Сослуживец Давыдова артист П. М. Свободин, человек образованный и тонкий, сравнил как-то жизнь А. В. Сухово-Кобылина с жизнью И. С. Тургенева. В этом сравнении безусловно был некоторый резон. Действительно, почти ровесники (Сухово-Кобылин старше Тургенева на год), оба старинного дворянского рода, оба владельцы поместий в Орловской губернии (у Сухово-Кобылина — в Мценском уезде), оба с юных лет хорошо знали жизнь русского крестьянства, оба учились в Московском университете, оба увлекались Гегелем (Тургенев в молодости, Сухово-Кобылин всю жизнь), оба подолгу жили во Франции, и обоим не выпало счастливой личной судьбы. Но, как видим, параллели относятся именно к биографии писателей; что же касается их творчества, то тут о какой-либо близости говорить не приходится.

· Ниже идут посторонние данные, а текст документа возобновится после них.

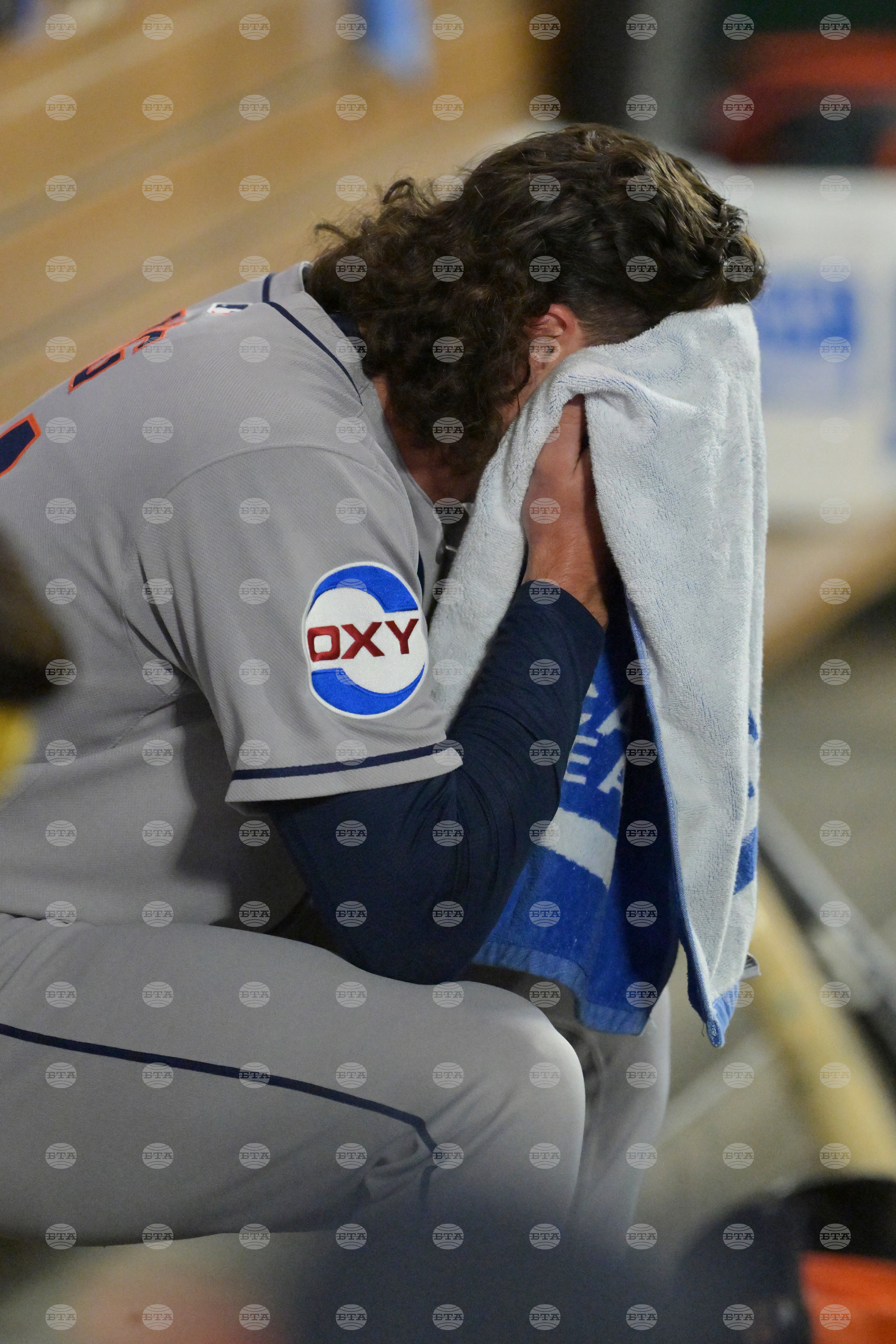 Houston Astros starting pitcher Jason Alexander buries his head in a towel after he was pulled during the fifth inning of a baseball game against the Los Angeles Angels, Friday, Sept. 26, 2025, in Anaheim, Calif. (AP Photo/Jayne Kamin-Oncea)

Написав в молодости несколько комедий и сцен, Тургенев по существу распрощался с драматическим жанром, всегда скромно оценивал свои пьесы, не был особенно озабочен их сценической судьбой, проявляя интерес к их воплощению на сцене разве только тогда, когда это связывалось с именем Савиной. Великие романы, которыми зачитывалась русская публика, сделали его властителем дум молодежи. Каждый его приезд в Москву и Петербург превращался в демонстрацию любви к писателю.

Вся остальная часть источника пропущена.